4-1BB costimulation in the OX40.ADR construct improved in vivo expansion and persistence of ADR T cells (supplemental Figure 7A-B), resulting in better protection against fatal xenogeneic GVHD compared with studies using a first-generation construct (OX40.ADR-1G, supplemental Figure 7C-F). Although OX40.ADR-1G T cells reduced GVHD pathology in target organs, increased infiltration and activity of (second-generation) OX40.ADR T cells resulted in elevated GVHD scores on day 12 (supplemental Figure 7G-H). However, the activity of OX40.ADR T cells did not manifest in any physical signs of GVHD, suggesting the increased pathology scores were, at least in part, driven by increased infiltration and transient local inflammation produced by ADR T cells in target tissues. As the animals receiving the second-generation OX40.ADR T cells were fully protected from GVHD for the duration of the experiment, we used this construct for all remaining studies.
OX40.ADR T cells preserve cytotoxic antiviral T-cell immunity
To produce the greatest clinical benefit, treatment for aGVHD should not impair protective donor T-cell responses and preserve antiviral immunity posttransplant. Therefore, we evaluated the activity of OX40.ADR T cells against autologous multivirus-specific T cells (VSTs) that recognize immunodominant epitopes from Epstein-Barr virus (EBV),56,57 cytomegalovirus (CMV),58,59 and adenovirus (AdV),60,61 3 of the most common viruses affecting posttransplant patients62 (Figure 4A). VSTs were expanded through 2 rounds of stimulation with overlapping peptide pools containing immunodominant epitopes of EBV, CMV, and AdV antigens. Autologous EBV-transformed lymphoblastoid cell lines (LCLs) were generated for each donor and pulsed with the same peptide mix, thus modeling virus-infected target cells. When cocultured with autologous VSTs and LCLs (Figure 4A), OX40.ADR T cells did not reduce the ability of VSTs to eliminate LCLs presenting viral antigens (Figure 4B). Expansion of activated VSTs in the presence of ADR T cells was largely preserved, with only a slight reduction observed in CD4+ compartment (Figure 4C), which correlates with the OX40 expression profile in activated VSTs during coculture (supplemental Figure 8).

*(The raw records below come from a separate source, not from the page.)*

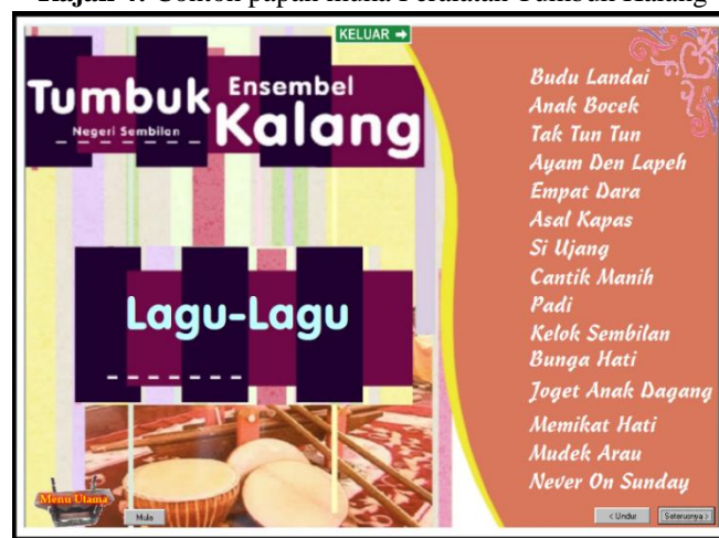
Rajah 5: Contoh papan muka Lagu-lagu Tumbuk Kalang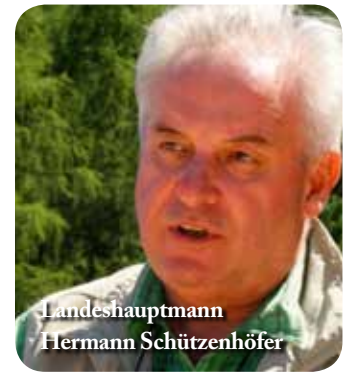
Landeshauptmann Hermann Schützenhöfer in der Entwicklung des Tourismus dar und sind somit ein unverzichtbarer Teil unserer Gesellschaft.

Naturreligionen wurde für wichtig erachtet. Der Landeshauptmann zeigte sich beeindruckt von dieser Idee und der Vielfalt der künstlerischen Ergebnisse. Er bedankte sich bei den alpinen Vereinen für den Einsatz zur Erhaltung und Erneuerung der alpinen Infrastruktur, die den vielen Wanderern und Bergsteigern in Form von markierten Wegen und gemütlichen Schutzhütten zu Gute kommen. Die alpinen Vereine stellen einen der Stützpfiler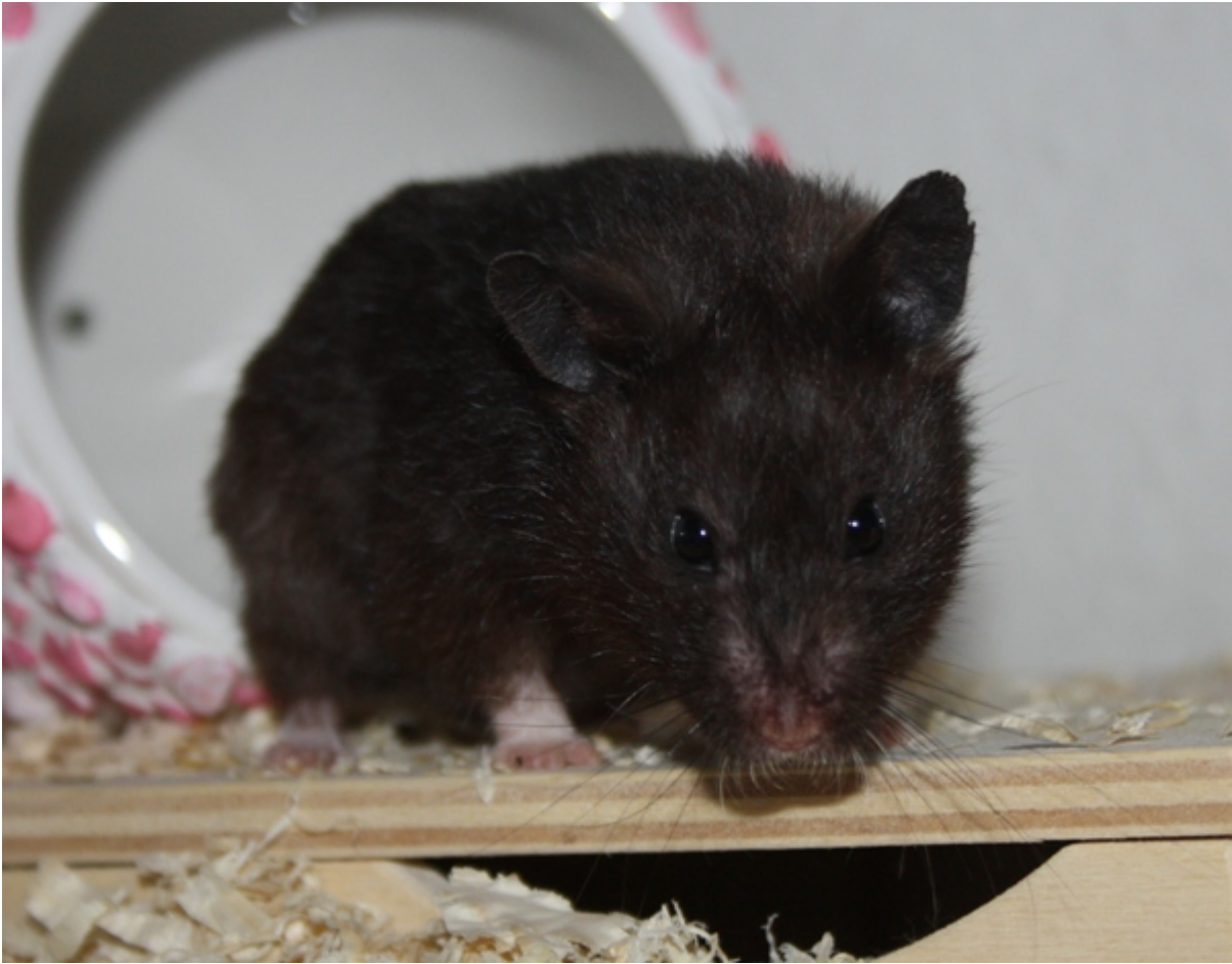
Bis bald, Ireen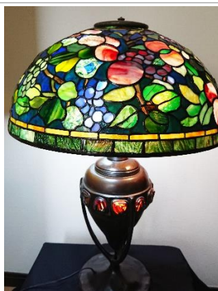
大村房子氏 作「フルーツ」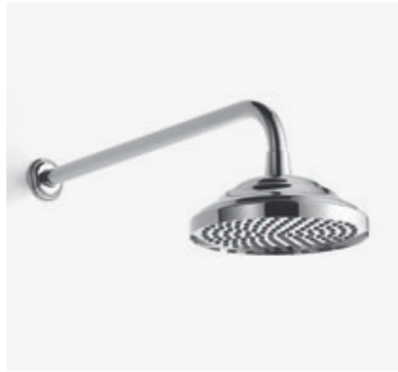
28 545 977 Shower with wall fixing, Ø 200 mm Soffione a pioggia con fissaggio a muro, Ø 200 mm Ducha de lluvia con fijación a pared, Ø 200 mm [14 l/min.]

To evaluate the effect of OX40.ADR activity against antiviral T-cell immunity in vivo, we subcutaneously engrafted immunodeficient NSG (MHCnull) mice with LCLs and then treated them with autologous EBV-specific VSTs (EBV-VSTs) along with ADR T cells (Figure 4D). Here, we used an NSG strain that lacks murine major histocompatibility complex expression to minimize ADR T-cell activation due to xenoreactivity against the murine host. Although OX40.ADR T cells slightly reduced the initial EBV-VST expansion, we observed sustained EBV-VST expansion in mice receiving OX40.ADR T cells at later time points (Figure 4E) and comparable anti-LCL activity between groups receiving unmodified Ctrl T cells and OX40.ADR T cells (Figure 4F). These results suggest OX40.ADR T cells do not ablate antiviral responses, at least in the short term.
OX40.ADR T cells coexpressing a CD19.CAR retain high cytotoxic activity through both chimeric receptors in vitro
Because relapse and GVHD account for most patient deaths post allo-HSCT,63 we engineered donor T cells to produce both antitumor and anti-GVHD activity directed against recipient malignancy and donor alloreactive T cells, respectively. To enable dual recognition of leukemia and alloreactive T cells, we coexpressed a second-generation CD19-specific CAR (CD19.CAR) on OX40.ADR T cells (CAR-ADR T cells, Figure 5A). We then cocultured CAR-ADR T cells with either autologous activated T cells (OX40.ADR targets) or CD19+OX40− pre-B ALL cell line NALM6 (CD19.CAR targets, supplemental Figure 9) at a 1:2 effector-to-target ratio (Figure 5B-C). CAR-ADR T cells produced robust cytotoxicity against activated T-cell targets, similar to that with singly transduced OX40.ADR T cells (Figure 5B). Likewise, CD19.CAR-mediated T-cell cytotoxicity against NALM6 tumor cells was not inhibited by coexpression of OX40.ADR (Figure 5C). To investigate the activity of CAR-ADR T cells when both receptors were stimulated simultaneously, we cocultured effector T cells with a mixture of activated T cells and tumor targets at a 1:1:1 cellular ratio. Again, CAR-ADR T cells showed cytotoxicity against respective target cells that was as potent as T cells expressing either receptor alone (Figure 5D). Comparable activity between CAR-ADR T cells and singly transduced T cells was also observed upon titrating effector-to-target ratios in a stress-test model (supplemental Figure 10). These results indicate that OX40.ADR-armed CD19.CAR T cells possess the dual-targeting capability and that both receptors elicit cytotoxicity independently.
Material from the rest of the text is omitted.